第17章 壁外調査
「おいクソメガネ、朝っぱらから訳のわからんことを言うんじゃねぇ。黙ってろ」
「へ~、訳のわからんことねぇ…。うん! でもいいよ! こうやってマヤが目覚めたんだしね。それに免じてもう放っておいてあげようじゃないか!」
リヴァイは不機嫌な様子でハンジを睨みつけ、ミケとハンジはにやけ顔が止まらない。エルヴィンは顔色ひとつ変えないでいるが、ユージーンは困った様子で床に目をやる。

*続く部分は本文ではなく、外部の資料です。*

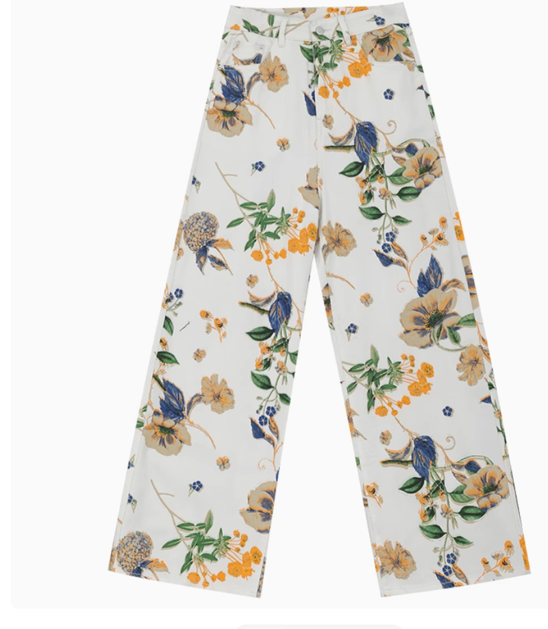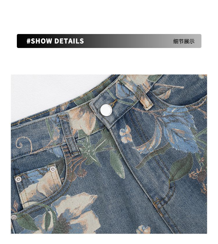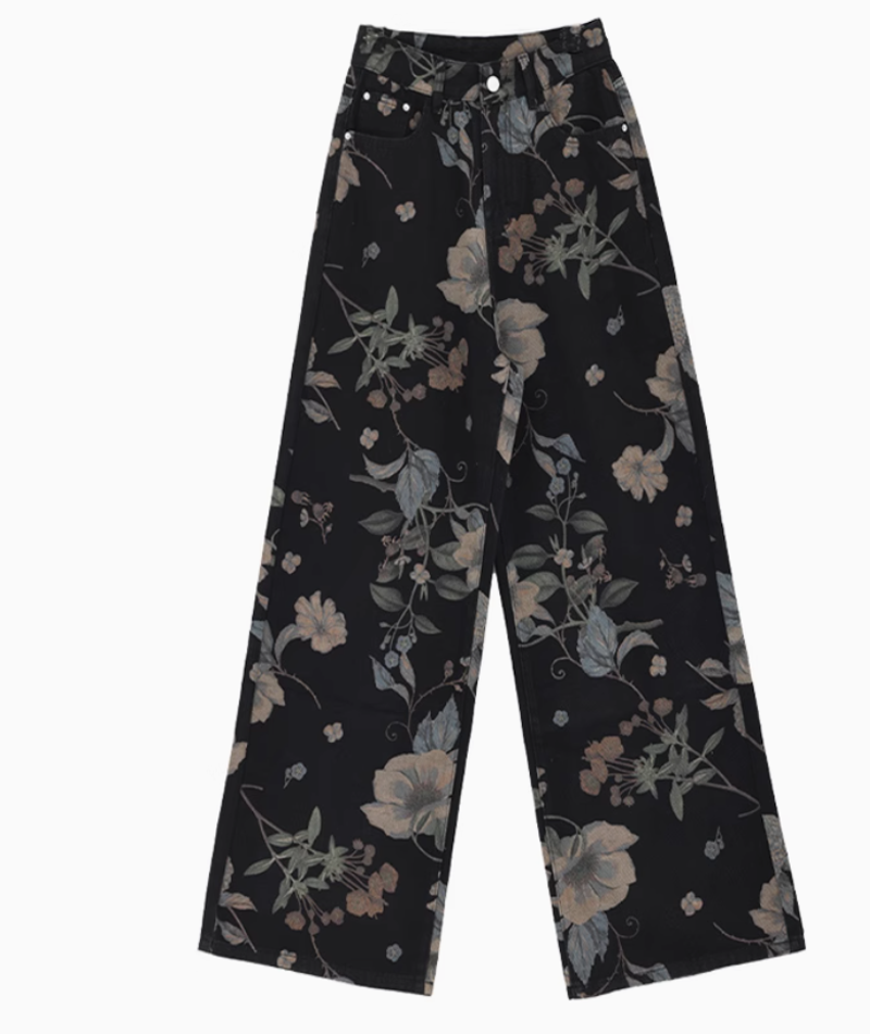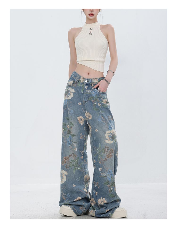 ABWEAR 2025年新款美式復古印花闊腿牛仔褲女小衆設計直筒拖地褲
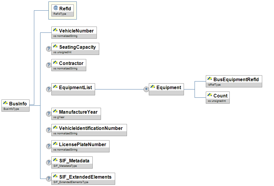 | EquipmentList/Equipment | MR | Inventories each piece of special equipment on the bus. | ||

マヤだけが状況をのみこめず、皆の顔を順番に不思議そうに見ていた。
「マヤ」
エルヴィンの腹の底から響くような声。
「気分はどうだ?」
「大丈夫です。ただ、起き上がろうとすると少し胸が…」
もぞもぞと動こうとするマヤを制する。
「無理をするな。ユージーン、診てやってくれ」
「はい」
そうして診察の結果は、もしかしたらあばら骨が折れているかもしれない、兵舎に帰って医師のアウグスト先生の診察を受けるまでは可能な限り安静にとのことだった。
そして騎馬ではなく荷馬車に寝かされて兵舎に帰還することに決まる。
万が一にも折れていたときのために肋骨を固定することになり、ユージーンとハンジ以外は部屋を出された。
ユージーンとハンジの二人がかりで、なんとかマヤの上半身を起こすことに成功する。
「ではハンジさん、お願いします」
ユージーンから固定用の太めの包帯を受け取ったハンジは、
「はいはーい! じゃあユージーン、ちょっと後ろを向いててくれ」
「はい」
くるりと背を向けるユージーン。
「マヤはバンザーイして。どう? できそう?」
そろそろと両腕を上げたマヤは微笑んだ。